Evan Selinger and Kyle Whyte
Sociology Compass, Vol. 5, No. 10, pp. 923-935
What exactly is a nudge, and how do nudges differ from alternative ways of modifying people's behavior, such as fines or penalties (e.g. taxing smokers) and increasing access to information (e.g. calorie counts on restaurant menus)? We open Section 2 by defining the concept of a nudge and move on to present some examples of nudges. Though there is certainly a clear concept of what a nudge is, there is some confusion when people design and talk about nudges in practice. In Sections 3 and 4, then, we discuss policies and technologies that get called nudges mistakenly as well as borderline cases where it is unclear whether people are being nudged. Understanding mistaken nudges and borderline cases allows citizens to consider critically whether they should support “alleged” nudge policies proposed by governments, corporations, and non-profit organizations.
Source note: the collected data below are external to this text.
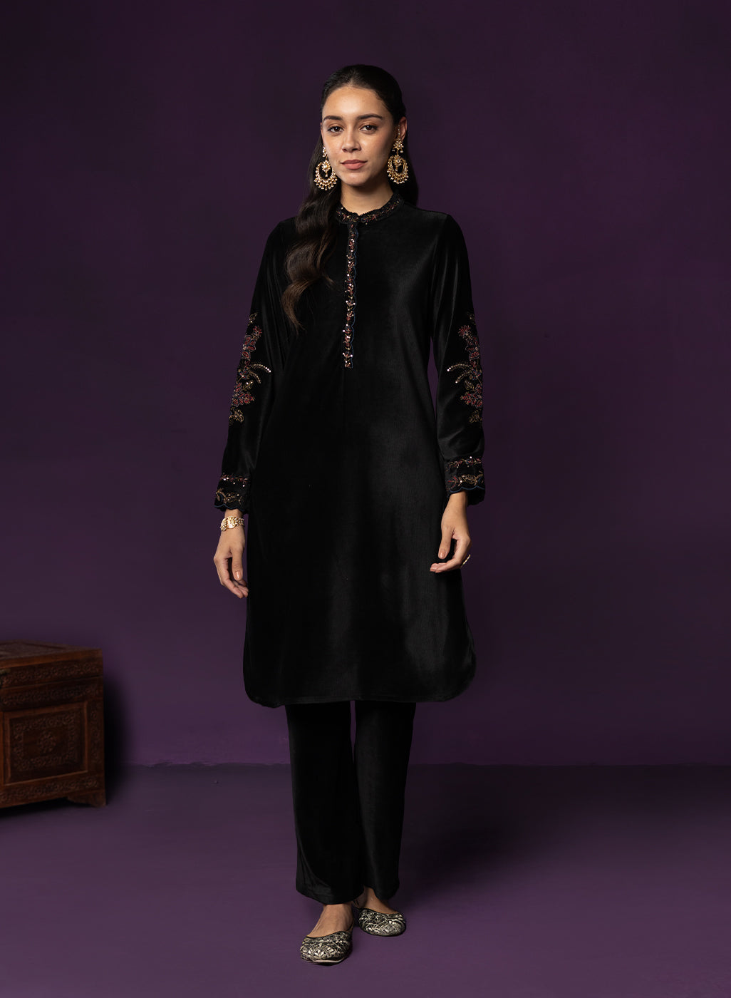 Charcoal Black Velvet Kurta Set With Heavy Front Yoke Zari Embroidery
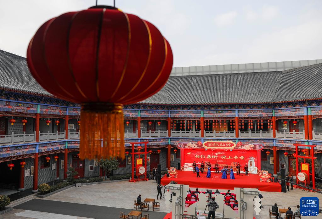 2月13日,藝人在河南省寶豐縣馬街書會景區(qū)進行線上直播表演。
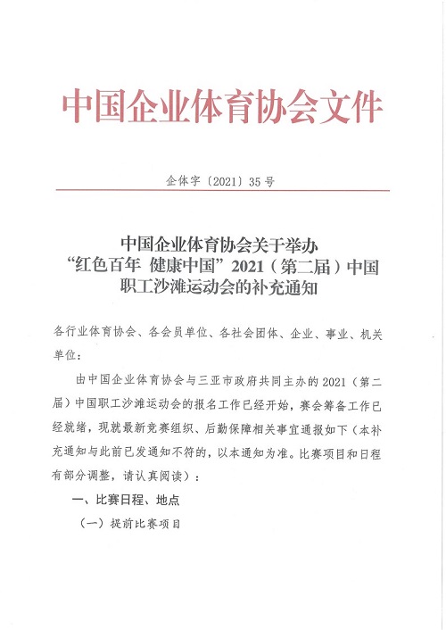 2021(第二屆)中國職工沙灘運動會的補充通知
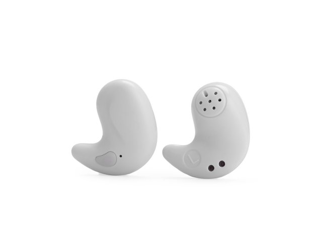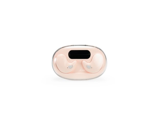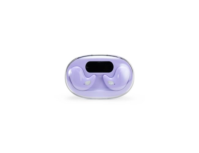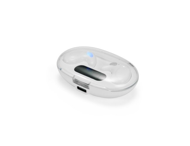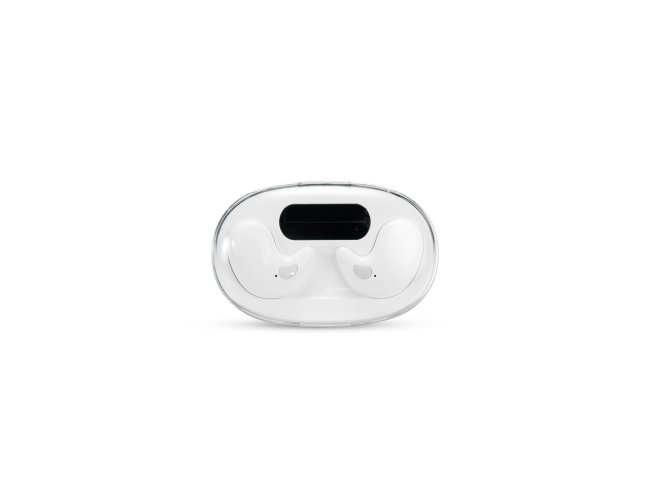 Fones de ouvido intra-auriculares sem fio, com estrutura leve e compacta em plástico e conexão via Bluetooth 5.3, garantindo estabilidade durante o uso. Possui estojo de carregamento com display de LED para visualizar o nível de carga. Acompanha cabo USB-C.
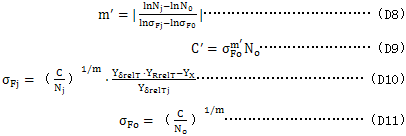 式中:Nj、σFj、YδrelTj的下標(biāo)j表示靜強(qiáng)度時(shí)的值,見圖D1。
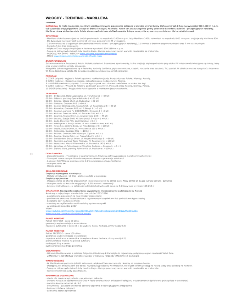 WŁOCHY - TRENTINO - MARILLEVA 1 374,00 PLN MARILLEVA to małe miasteczko i centrum sportów zimowych, przepięknie położone w obrębie słynnej Doliny Słońca czyli Val di Sole na wysokości 900-1400 m n.p.m. tuż u podnóża trzytysięczników Gruppo di Brenta i masywu Adamello. Kurort ten jest szczególnie godny polecenia dla rodzin z dziećmi i początkujących narciarzy. Marilleva cieszy się bardzo dużą ilością słonecznych dni oraz obfitych opadów śniegu, co czyni ją wymarzonym miejscem dla turystyki zimowej. OPIS TRASY - Marilleva zlokalizowana jest na dwóch poziomach- na wysokości 1400m n.p.m. leży Marilleva 1400, natomiast na wysokości 900 m n.p.m. znajduję się Marilleva 900. - Do dyspozycji narciarzy jest łącznie 50 km tras, połączonych 24 wyciągami. - 32 km nartostrad o łagodnych zboczach (idealne dla dzieci i początkujących narciarzy), 11 km tras o średnim stopniu trudności oraz 7 km tras trudnych. - Ponadto 5 km tras biegowych. - Większość tras wytyczonych jest w lesie na wysokości 900-2180 m n.p.m. - Śnieg na północnych stokach leży bardzo długo, dlatego przez cały sezon warunki narciarskie są znakomite. - PODGLĄD NA ŻYWO - WEBCAM www.skirama.it/pl/webcam/pinzolo/ - MAPA www.skirama.it/en/pistes-and-ski-lifts/ski-map/ ZAKWATEROWANIE Zakwaterowanie w Rezydencji Artuik. Obiekt posiada 4, 6-osobowe apartamenty, które znajdują się bezpośrednio przy stoku! W miejscowości dostępne są sklepy, bary oraz wypożyczalnie sprzętu zimowego. Wszystkie pokoje wyposażone są w łazienkę, kuchnię (lodówka, płyta ceramiczna, czajnik, naczynia oraz sztućce), TV, pościel. W obiekcie można korzystać z Internetu Wi-Fi za dodatkową opłatą. Do dyspozycji gości są schowki na sprzęt narciarski. PROGRAM 1 DZIEŃ (piątek) - Wyjazd z Polski zgodnie z rozkładem jazdy. Przejazd przez Polskę, Niemcy, Austrię. 2 DZIEŃ (sobota) - Dojazd na miejsce, zakwaterowanie i odpoczynek. Nocleg. 3 – 8 DZIEŃ (niedziela - piątek) - Czas na wypoczynek oraz zimowe szaleństwa na stoku. Noclegi. 9 DZIEN (sobota) - Wyjazd do Polski w godzinach porannych. Przejazd przez Austrię, Niemcy, Polskę. 10 DZIEŃ (niedziela) - Przyjazd do Polski zgodnie z rozkładem jazdy autokarów. TRANSPORT 00:00 – Bydgoszcz, Hala Łuczniczka, ul. Toruńska 59 ( +80 zł ) 00:00 – Gdansk, parking Opera Bałtycka ( +100 zł ) 00:00 – Gliwice, Stacja Shell, ul. Rybnicka ( +20 zł ) 00:00 – Gniezno, Dworzec PKS ( +80 zł ) 00:00 - Gorzow Wielkopolski, Stacja Shell, ul. Kasprzaka 28 ( +80 zł 00:00 – Katowice, Dworzec PKS, ul. P.Skargi 1 ( +0 zł ) 00:00 – Koscian, parking "U DODZIARZA", Krimpen 1 ( +0 zł ) 00:00 – Krakow, Dworzec MDA, ul. Bosacka 18 ( +0 zł ) 00:00 – Legnica, Stacja Orlen, ul. Jaworzyńska 238 ( +75 zł ) 00:00 – Leszno, Stacja Shell, Al.Konstytucji 3 Maja 4 ( +0 zł ) 00:00 – Lodz, Dworzec PKS, Łódź Kaliska ( +0 zł ) 00:00 – Miedzyrzecz, Stacja Orlen, ul. Waszkiewicza 69 ( +80 zł ) 00:00 - Nowa Sol, parking Enea, ul. Piłsudskiego 73 ( +100 zł ) 00:00 – Opole, Stacja Orlen, ul. Wrocławska 135 ( +0 zł ) 00:00 – Polkowice, Dworzec PKS ( +100 zł ) 00:00 – Poznan, Dworzec MPK Gorczyn, Zgoda ( +0 zł ) 00:00 – Rawicz, Stacja Orlen, ul. Poznańska 2 ( +0 zł ) 00:00 – Swiebodzin, Stacja Orlen, ul. Wojska Polskiego 8 ( +80 zł ) 00:00 – Szczecin, parking Teatr Pleciuga, Pl. Teatralny 1 ( +100 zł ) 00:00 – Warszawa, Metro Wilanowska, ul. Puławska 145 ( +0 zł ) 00:00 – Wroclaw, ul.Petrusiewicza (Wzgórze Andersa – Aquapark; +0 zł ) 00:00 - Zielona Gora, parking Palmiarnia, ul. Piaskowa ( +100 zł ) CENA ZAWIERA - Zakwaterowanie - 7 noclegów w apartamentach Artuik (w pełni wyposażone z aneksem kuchennym) - Transport nowoczesnym i komfortowym autokarem - gwarancja autokaru! - 6-dniowy SKIPASS na stoki (w cenie 3 dni rozszerzone o SuperSkiRama) - Ubezpieczenie SKI - Opiekę pilota CENA NIE OBEJMUJE Dopłaty wymagane na miejscu - Opłata klimatyczna- 10 €/os - płatne u pilota w autokarze Dopłaty opcjonalne - Ubezpieczenie od chorób przewlekłych i nowotworowych KL 20000 euro, NNW 10000 zł, bagaż (utrata 500 zł) - 120 zł/os - Ubezpieczenie od kosztów rezygnacji - 3,5% wartości rezerwacji - Lekcje z instruktorem - w zależności od ilości chętnych osób cena za 3-dniowy kurs wyniesie 150-250 zł GWARANCJA transportu najbardziej wygodnymi i luksusowymi autokarami w Polsce Autokary o najwyższym standardzie z roczników 2015/2016 - powiększona przestrzeń na nogi między siedzeniami - profilowane skórzane fotele lotnicze z regulowanymi zagłówkami lub podnóżkiem typu szezlog - bezpłatne WiFi na terenie Polski - monitory w zagłówkach - multimedialny system rozrywki - w większości gniazdka 230V Video www.youtube.com/watch?v=cqra0E7fi8A&list=PLhcsd4nk5qIZJalq61mBQWyfAp0C6UJEq www.youtube.com/watch?v=D4h5BumqqfU PAKIET KOMFORT Pakiet KOMFORT - cena 50 zł/osgwarancja wyboru miejsca w autokarze napoje w autokarze w cenie (6 x do wyboru- kawa, herbata, zimny napój 0,2l) PAKIET PRESTIGE Pakiet PRESTIGE - cena 100 zł/osgwarancja wyboru miejsca w autokarze napoje w autokarze w cenie (6 x do wyboru- kawa, herbata, zimny napój 0,2l) pierwszeństwo wejścia na pokład autokaru nadbagaż 5 kg w cenie suchy prowiant na drogę powrotną CIEKAWOSTKI - Ośrodek Marilleva wraz z pobliską Folgaridą i Madonną di Campiglio to największy, połączony region narciarski Val di Sole. - Z Marillevy 1400 startują wszystkie wyciągi w kierunku Folgaridy i Madonny di Campiglio WARTO WIEDZIEĆ - W Marillevie nie potrzeba jeździć skibusami, większość tras zaczyna się i kończy za progiem hotelu. - Dostępny jest śnieżny park dla dzieci, najlepiej wyposażony we Włoszech, który jest świetną okazją na naukę jazdy oraz zabawę na nartach. - Śnieg na północnych stokach leży bardzo długo, dlatego przez cały sezon warunki narciarskie są znakomite. - Istnieje możliwość jazdy poza trasami. INFORMACJE DODA
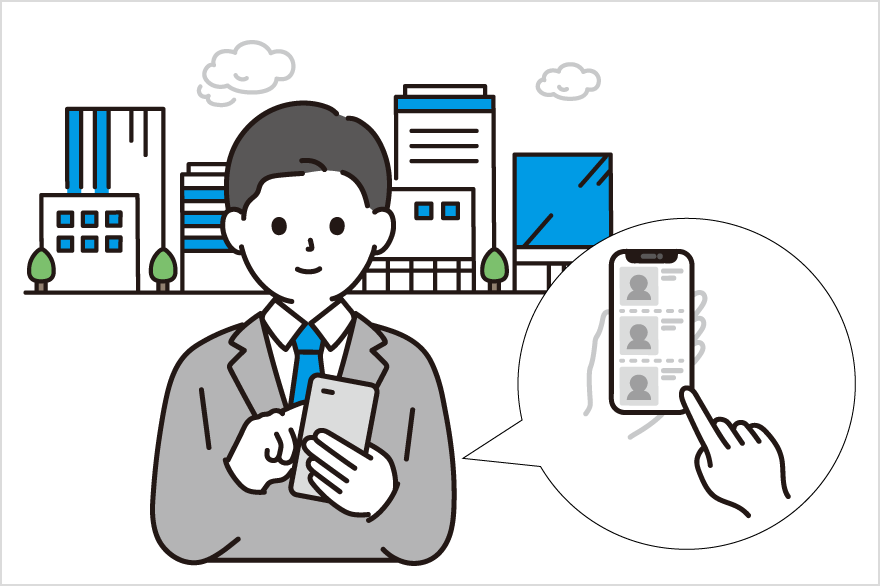 スマートフォンでSKYPCEにアクセスし、名刺情報を開くだけで、電話番号をタップしてそのまま発信できます。アドレス帳に登録していない相手でも、名刺情報からすぐに電話をかけることができるので、外出先や急な連絡が必要な場面でも非常に便利です。例えば、外出先で急にお客さまへ連絡が必要になったとき、アドレス帳に登録していなくてもSKYPCEから直接電話をかけられるため、これまでのように名刺を見ながら番号を手入力したり、アドレス帳に登録する手間がありません。
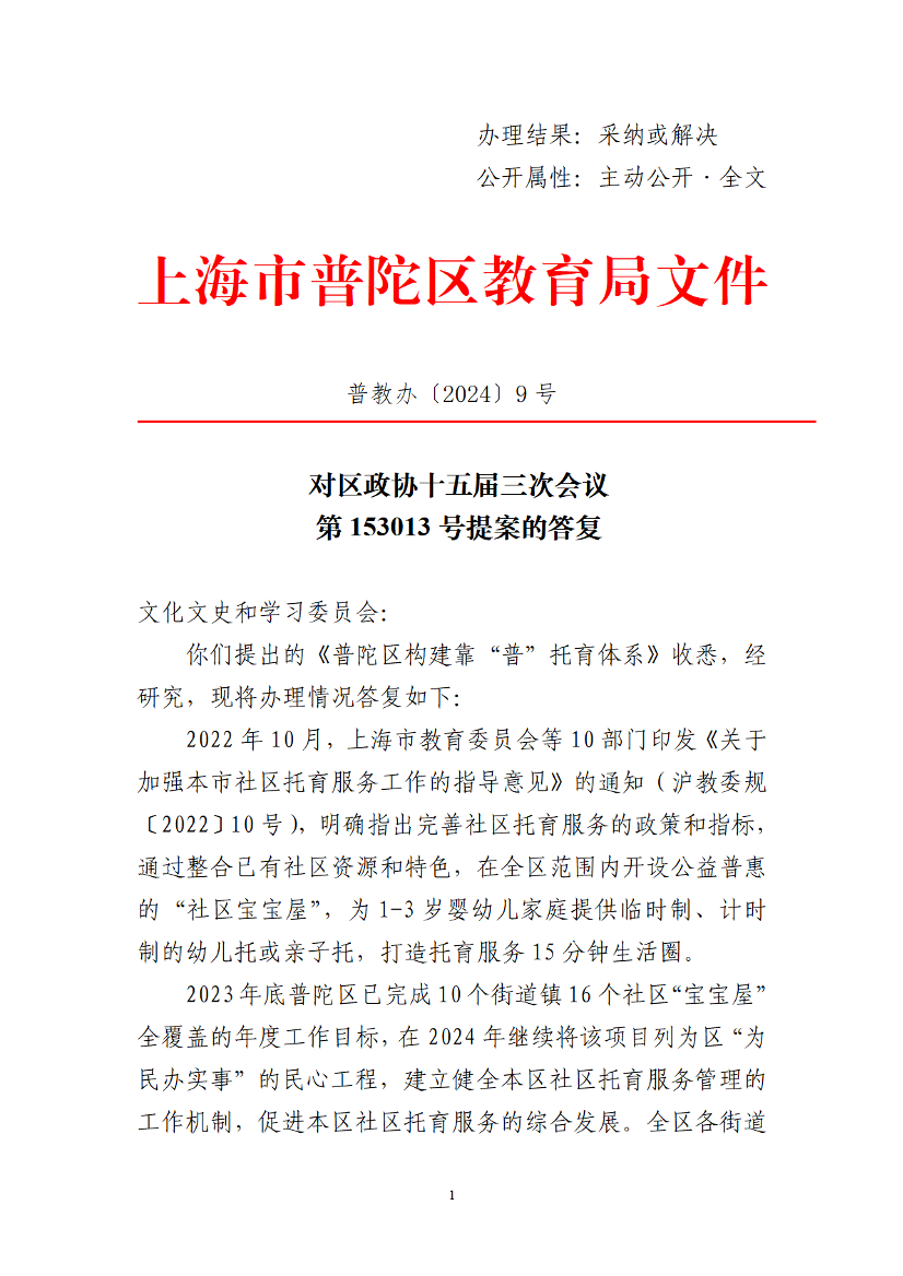 你们提出的《普陀区构建靠“普”托育体系》收悉,经研究,现将办理情况答复如下:

There are also important concerns about the ethics of nudging people's behavior. In Section 5 we review some major ethical and political issues surrounding nudges, covering both public anxieties and more formal scholarly criticisms. If nudges are to be justified as an acceptable form of behavior modification in democratic societies, nudge advocates must have reasons that allay anxieties and ethical concerns. However, in Section 6, we argue that nudge advocates must confront a particularly challenging problem. A strong justification of nudging, especially for pluralistic democracies, must show that nudge designers really understand how different people re-interpret the meaning of situations after a nudge has been introduced into the situations. We call this the problem of “semantic variance.” This problem, along with the ethical issues we discussed, makes us question whether nudges are truly viable mechanisms for improving people's lives and societies. Perhaps excitement over their potential of nudges is exaggerated.